External aortic support for people with Marfan’s syndromeBMJ 2010; 340 doi: http://dx.doi.org/10.1136/bmj.c1692 (Published 18 May 2010) Cite this as: BMJ 2010;340:c1692
- Camilla Allen, patient1,
- John Pepper, professor of cardiothoracic surgery2
- 1Thornbury, Bristol
- 2Imperial College, Royal Brompton Hospital, London SW3 6NP
- Correspondence to: C Allen
- Accepted 15 March 2010
Stopped in my tracks
In October 2006 I agreed to take part in research related to Marfan’s syndrome being undertaken at St George’s Hospital in London. The research involved detailed measurements of my heart being taken using echocardiograms. I did not give my participation a second thought until a couple of months later when I received a letter from St George’s telling me that my aortic root diameter had expanded to 4.3 cm and that with such a dilated aorta I should not conceive a child due to the risk of fatal aortic dissection.

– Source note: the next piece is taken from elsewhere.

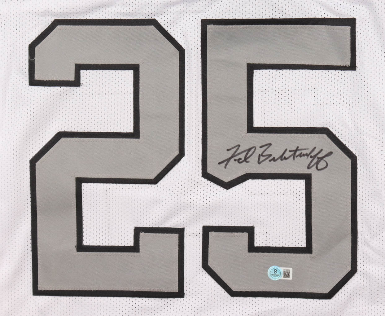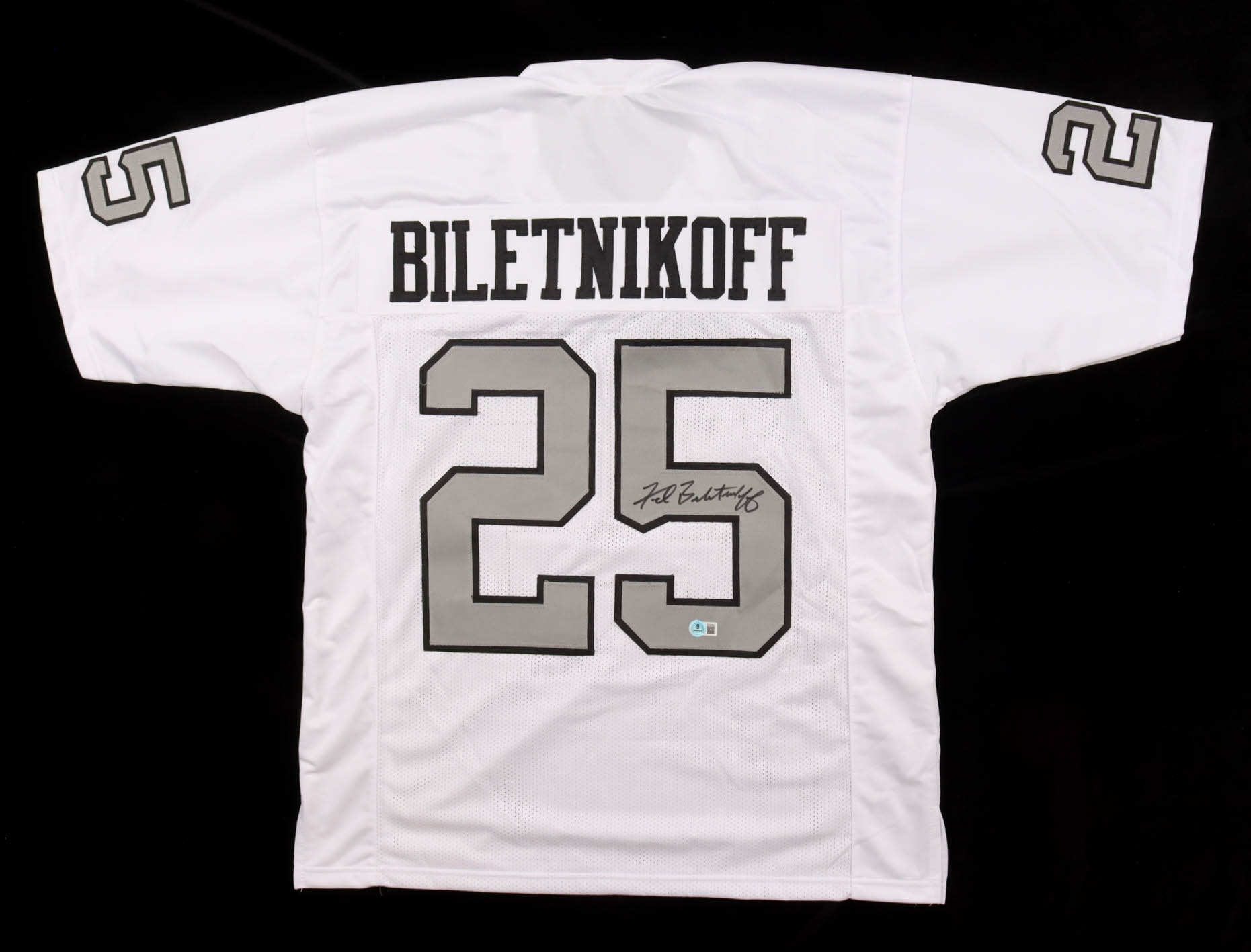 Custom jersey with everything sewn on, size XL. Hand-signed by Fred Biletnikoff (HOF).

This news was a devastating blow to my husband and me as we had been trying to conceive our second child for the previous nine months.
An appointment with my local cardiology consultant was hastily arranged for January 2007. The measurement was confirmed, and, although it was not particularly worrying in itself, as most patients undertaking root and valve replacement surgery have aortic root diameters nearer the 5.0 cm mark, it showed that mine had increased since my first echocardiogram at the age of 14 and had worsened during my first pregnancy. The consultant considered surgery in the form of the Bentall procedure, a composite aortic root replacement, which is a necessary precaution against a 1 in 10 chance of aortic dissection during pregnancy or labour. Suddenly a 10% chance of my dying brought the situation into sharp focus.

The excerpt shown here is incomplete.